- [Work instruction]
Look in the data below for the line that has "Figure 5. Unregistered", then print exactly every line from there through the line that has "Spurious RF Conducted Emissions Test setup", leaving pictures out.

- [Data supplied]
--------------------------------------------------
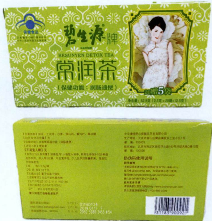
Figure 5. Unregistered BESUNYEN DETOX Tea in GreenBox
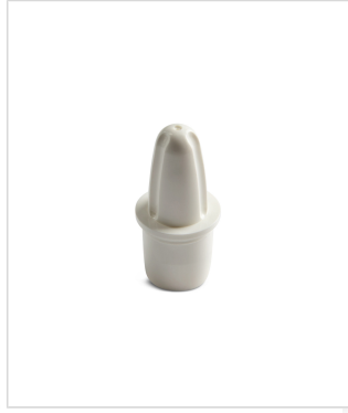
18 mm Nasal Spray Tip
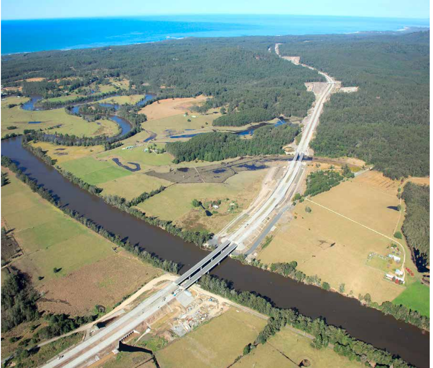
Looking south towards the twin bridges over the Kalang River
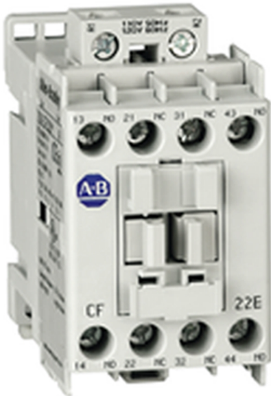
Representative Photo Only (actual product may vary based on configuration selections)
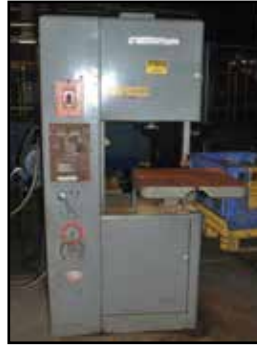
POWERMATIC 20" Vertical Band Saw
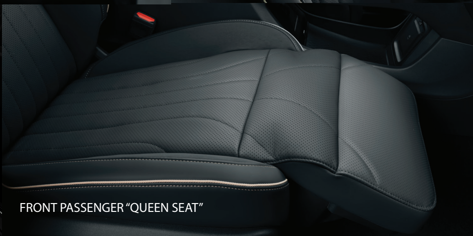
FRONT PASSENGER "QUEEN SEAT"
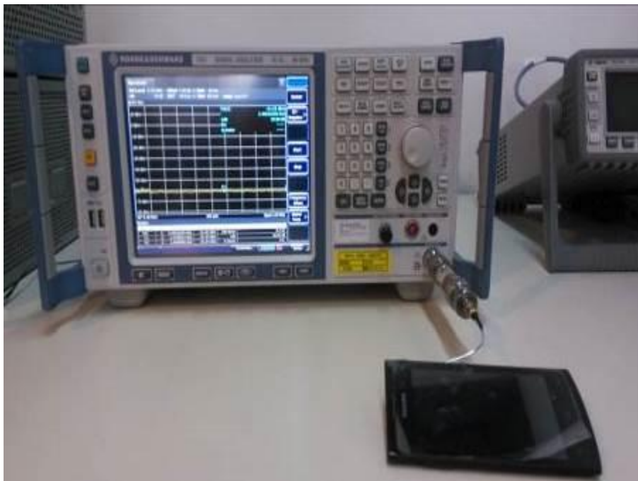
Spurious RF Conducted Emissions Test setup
--------------------------------------------------
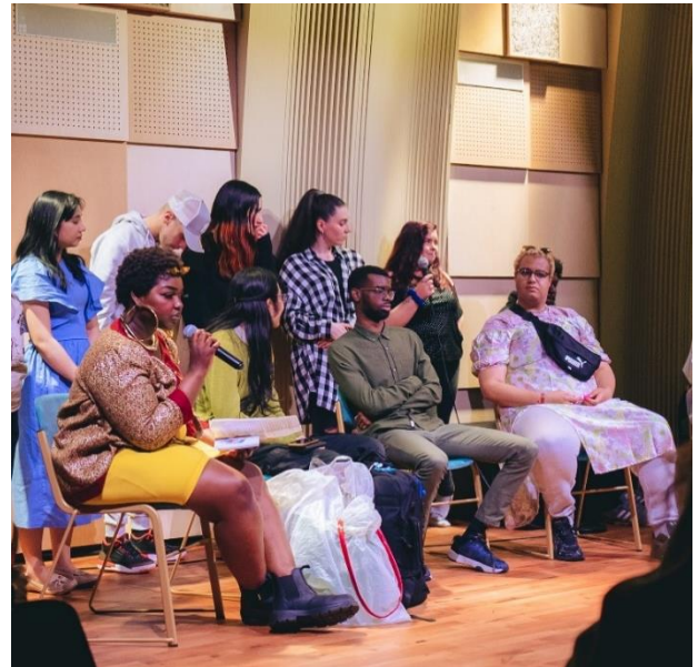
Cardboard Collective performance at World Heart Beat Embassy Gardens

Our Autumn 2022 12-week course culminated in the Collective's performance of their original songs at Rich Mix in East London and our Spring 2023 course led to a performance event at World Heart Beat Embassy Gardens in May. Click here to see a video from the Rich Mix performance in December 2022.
--------------------------------------------------
- [Result]
Figure 5. Unregistered BESUNYEN DETOX Tea in GreenBox
18 mm Nasal Spray Tip
Looking south towards the twin bridges over the Kalang River
Representative Photo Only (actual product may vary based on configuration selections)
POWERMATIC 20" Vertical Band Saw
FRONT PASSENGER "QUEEN SEAT"
Spurious RF Conducted Emissions Test setup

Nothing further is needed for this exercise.